Светик с благодарностью посмотрел на Ару.
— Ара!
— Что, дорогой мой?
— Моя мать далеко от меня… Может быть, она умерла, и у меня уже нет матери… Ты была мне близка. И, по-современному, я любил тебя… У меня никого кругом. Благослови меня именем матери!
Ара сняла большой образ Божией матери, перекрестилась, поцеловала его, перекрестила Светика и холодными, дрожащими от плача губами, прижалась к нему.
Светик стал на колени, земно поклонился, поцеловал лежавшую на подушке икону и, не оглядываясь, вышел из комнаты.
XXXIII
Было без четверти двенадцать, когда последний поезд метро привез на глухую станцию "Porte d'Auteuil" князя Алика, Лобысевича-Таранецкого и Синегуба.
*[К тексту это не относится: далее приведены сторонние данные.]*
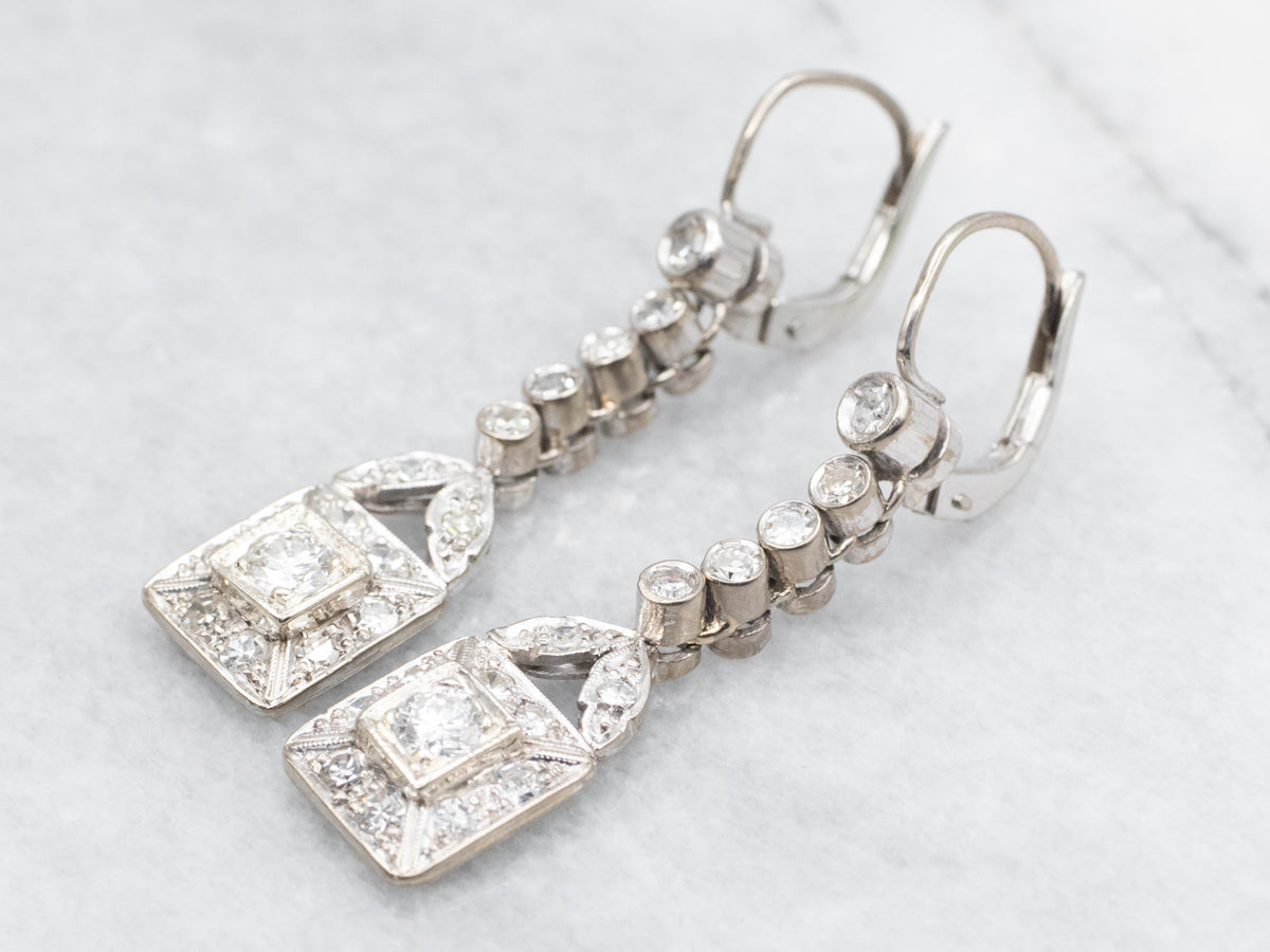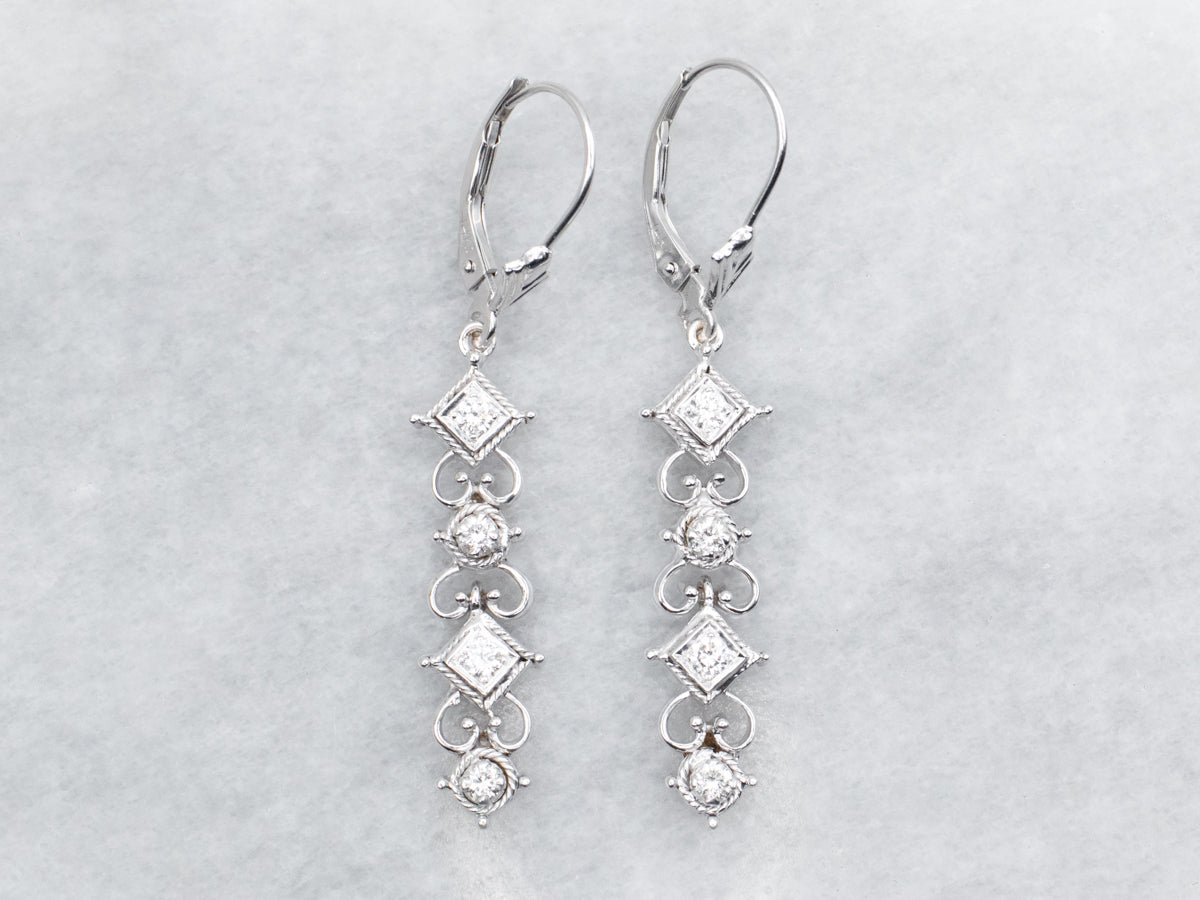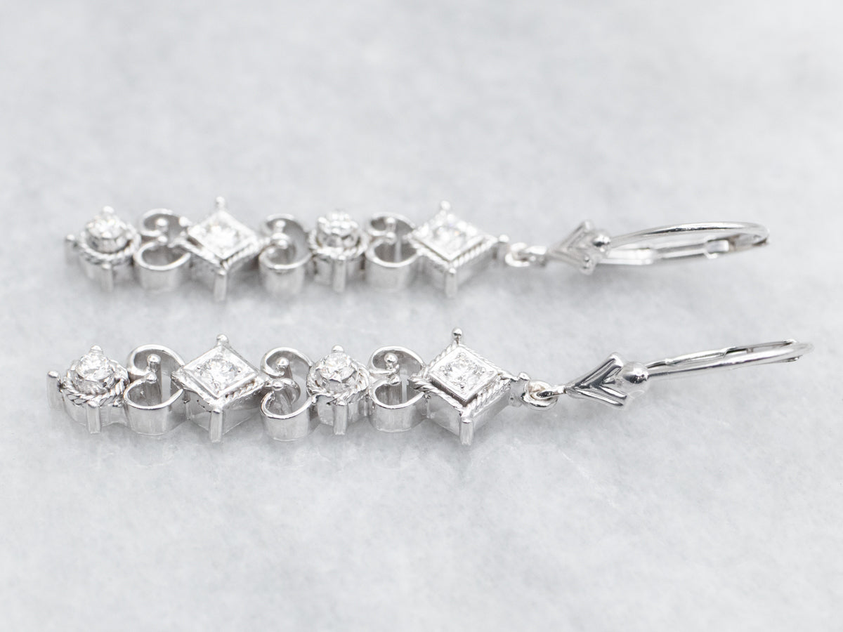 Aretes colgantes de diamantes en oro rosa con halo de diamantes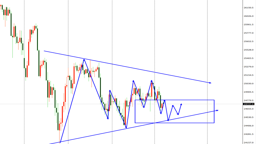 纳指市场昨日开盘在24987.15美元,后行情小幅回补缺口给出25005美元,后行情强势回落,日线最低给到了24606.74美元,后整理,日线最终收线在了24729.22美元,后,日线以一根下影线很长的大阴线收线,而这样的形态收尾后,日线阴包阳,纳指再次出现了震荡趋势。综合来看,高博景总结:纳指运行在均线打压中,但是箱体底部一直没有下破,有进一步震荡的概率,今日操作上考虑反弹做空为先,低多为辅,上方关注24783-25087美元,意外上破之后有望改变空头格局,下方关注24600-24380美元支撑。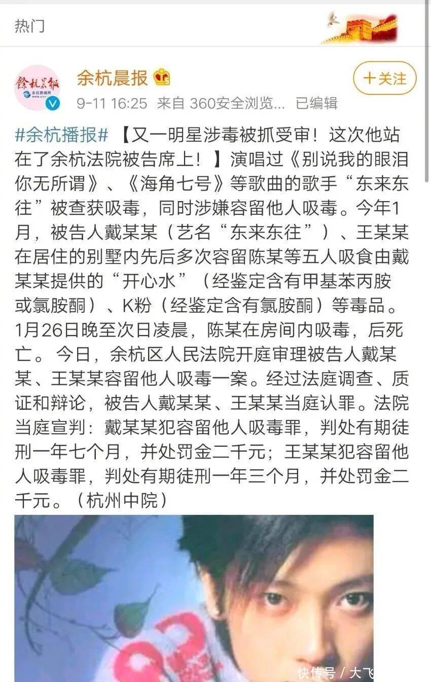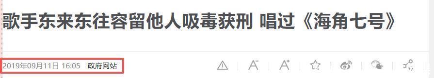 政府网站2019-09-11《歌手东来东往容留他东谈主吸毒获刑 唱过《天涯七号》》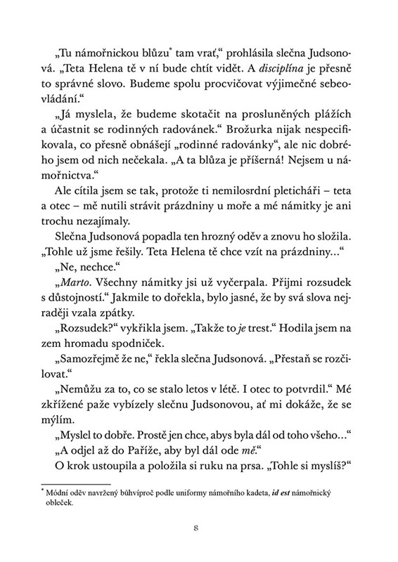 Marta by nejraději zůstala doma a věnovala se kriminálním případům. Teta Helena má však jiné plány – výlet k moři ve velkém stylu a rovnou luxusním vlakem! Cesta se však brzy změní v pořádně zapeklitý případ, když je ve vlaku nalezeno tělo – a v něm... tetiny nůžky. Místní policie selhává, Scotland Yard nikde a Marta ví, že pokud má být spravedlnosti učiněno zadost, musí jednat rychle. S pomocí kočky Pivoňky a guvernantky slečny Judsonové se tak rozjíždí pořádně ostré prázdniny!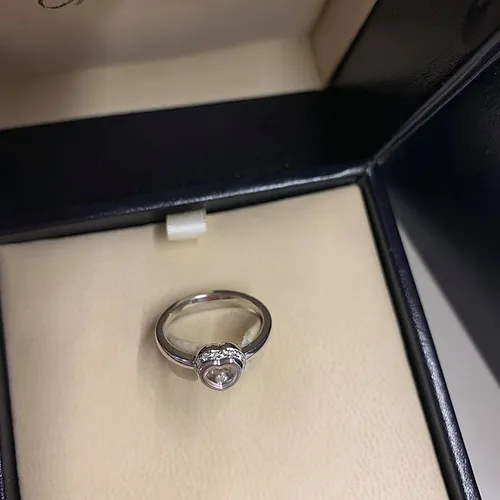 Model reference: 829008-1110. A masterpiece of Miss Happy line from Chopard, this charming ring will add a sparkling hint to your jewellery collection. The iconic piece of Happy Diamonds is made of 18K white gold and holds a heart-shaped frame embellished with a glimmering brilliant-cut diamond set. The graceful item embraces the brand’s hallmark, a mobile diamond that creates a youthful and carefree spirit. The gorgeous model will make your image tender and charming worn both alone and in combination with other jewellery pieces of the line. The sweet and trendy ring is a perfect gift for any occasion.

Полная луна сияла на безоблачном небе. Едва намечались в серебристом свете темные деревья Булонского леса. Пахло мягкой сыростью февральской ночи.
Приехавшие прошли по шоссе за старыми укреплениями Парижа. У забора, где что-то строили и где стояли тяжелые машины и локомобили, показалось под деревом черное такси с погашенными фонарями.
— Это Лотосов с графиней, — сказал Синегуб.
Из автомобиля высунулась женская голова в траурной шляпе с креповой вуалью.
Ара всмотрелась и вышла из каретки.
— Противное ощущение, — сказал Алик, — я никогда не присутствовал при смертной казни, но думаю, что должно быть что-нибудь подобное.